Directions = Give the data below again exactly as it stands. Omit the pictures.

Items listed in a dataset:
══════

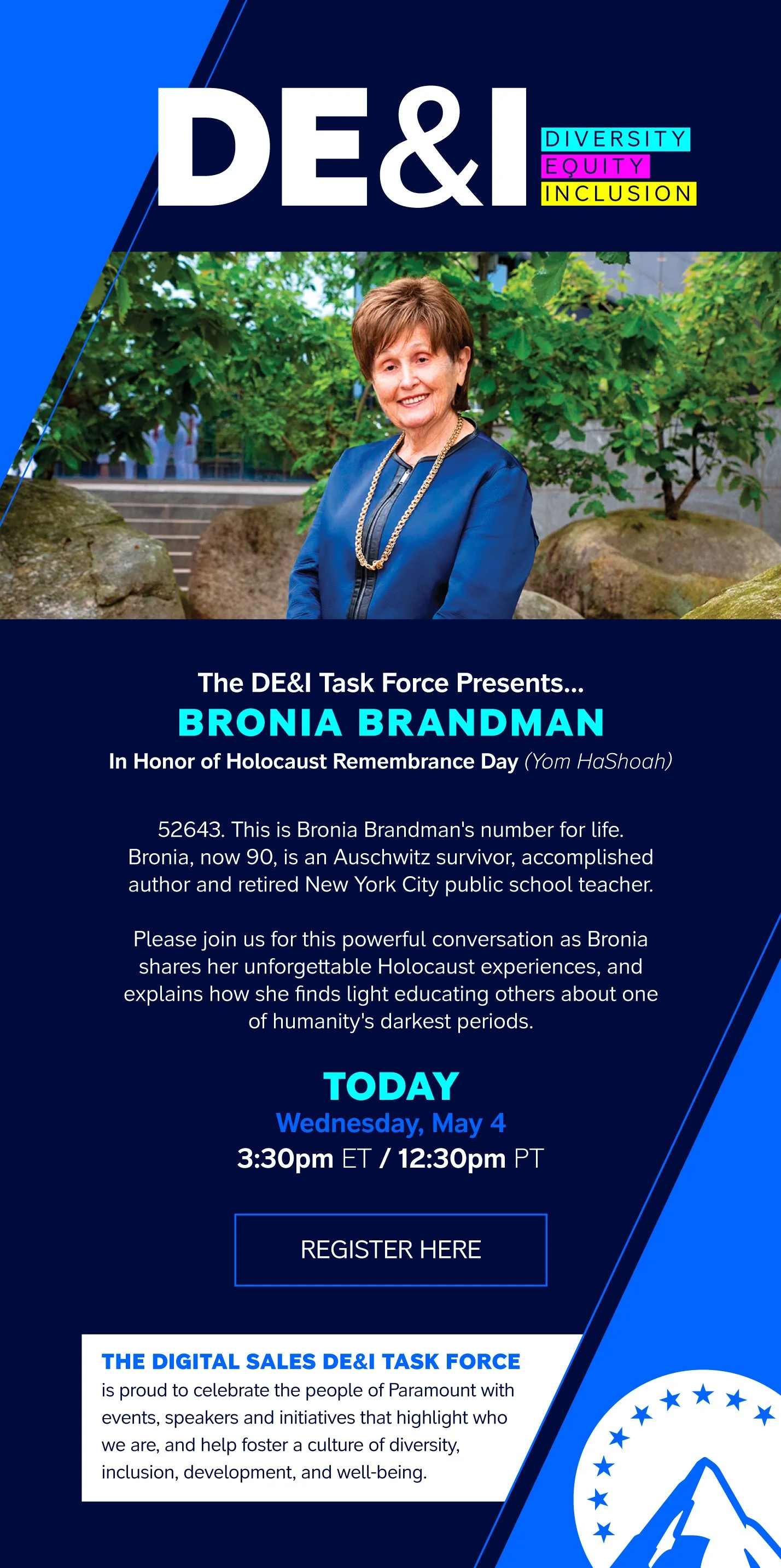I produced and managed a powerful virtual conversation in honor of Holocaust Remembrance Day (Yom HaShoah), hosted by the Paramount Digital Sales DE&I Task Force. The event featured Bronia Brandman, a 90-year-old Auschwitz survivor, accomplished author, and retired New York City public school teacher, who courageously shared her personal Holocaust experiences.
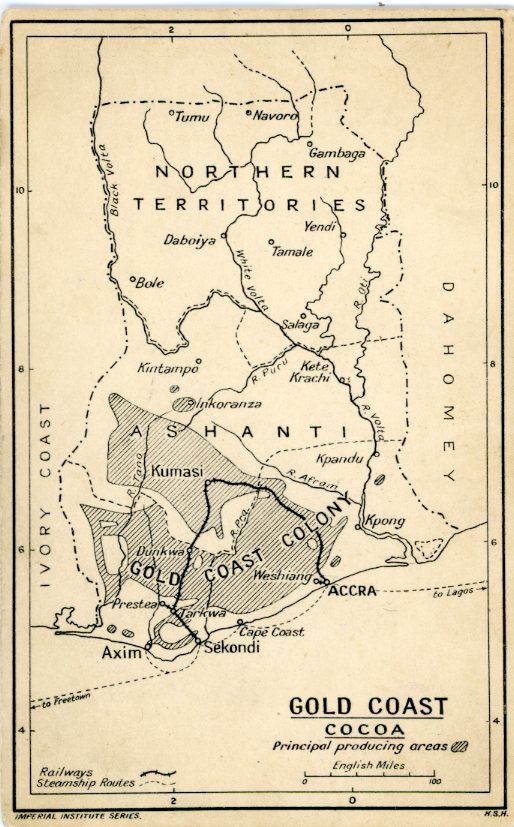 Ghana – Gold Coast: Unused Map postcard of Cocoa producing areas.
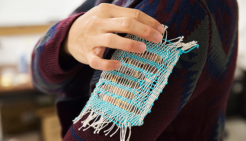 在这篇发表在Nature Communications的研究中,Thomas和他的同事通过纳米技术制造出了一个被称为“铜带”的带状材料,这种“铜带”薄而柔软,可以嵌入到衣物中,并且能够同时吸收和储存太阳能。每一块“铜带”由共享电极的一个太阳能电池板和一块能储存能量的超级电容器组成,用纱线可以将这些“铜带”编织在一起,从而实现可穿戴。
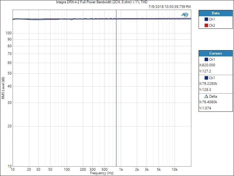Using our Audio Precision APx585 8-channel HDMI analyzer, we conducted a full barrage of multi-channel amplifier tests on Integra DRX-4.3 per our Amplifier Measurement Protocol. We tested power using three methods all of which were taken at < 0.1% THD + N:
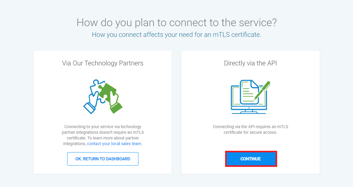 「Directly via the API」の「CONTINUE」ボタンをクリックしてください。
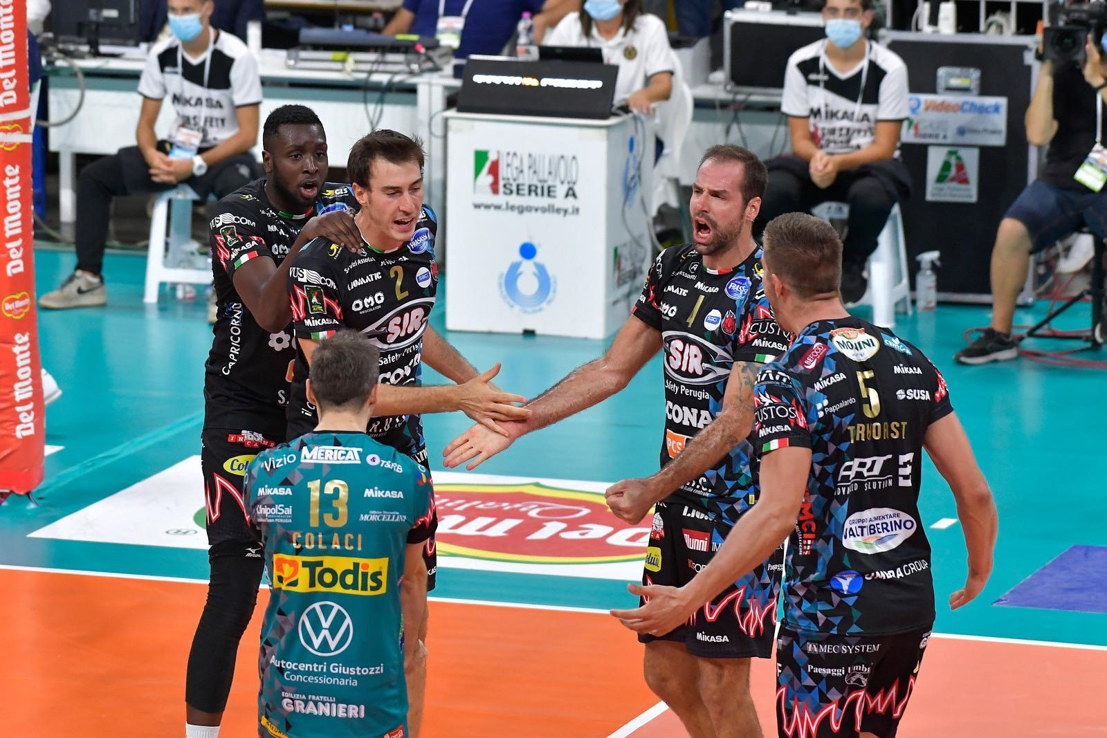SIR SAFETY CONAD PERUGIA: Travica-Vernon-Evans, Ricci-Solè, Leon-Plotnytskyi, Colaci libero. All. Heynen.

══════

Answer for this exercise =
I produced and managed a powerful virtual conversation in honor of Holocaust Remembrance Day (Yom HaShoah), hosted by the Paramount Digital Sales DE&I Task Force. The event featured Bronia Brandman, a 90-year-old Auschwitz survivor, accomplished author, and retired New York City public school teacher, who courageously shared her personal Holocaust experiences.
 Ghana – Gold Coast: Unused Map postcard of Cocoa producing areas.
 在这篇发表在Nature Communications的研究中,Thomas和他的同事通过纳米技术制造出了一个被称为“铜带”的带状材料,这种“铜带”薄而柔软,可以嵌入到衣物中,并且能够同时吸收和储存太阳能。每一块“铜带”由共享电极的一个太阳能电池板和一块能储存能量的超级电容器组成,用纱线可以将这些“铜带”编织在一起,从而实现可穿戴。
Using our Audio Precision APx585 8-channel HDMI analyzer, we conducted a full barrage of multi-channel amplifier tests on Integra DRX-4.3 per our Amplifier Measurement Protocol. We tested power using three methods all of which were taken at < 0.1% THD + N:
 「Directly via the API」の「CONTINUE」ボタンをクリックしてください。
SIR SAFETY CONAD PERUGIA: Travica-Vernon-Evans, Ricci-Solè, Leon-Plotnytskyi, Colaci libero. All. Heynen.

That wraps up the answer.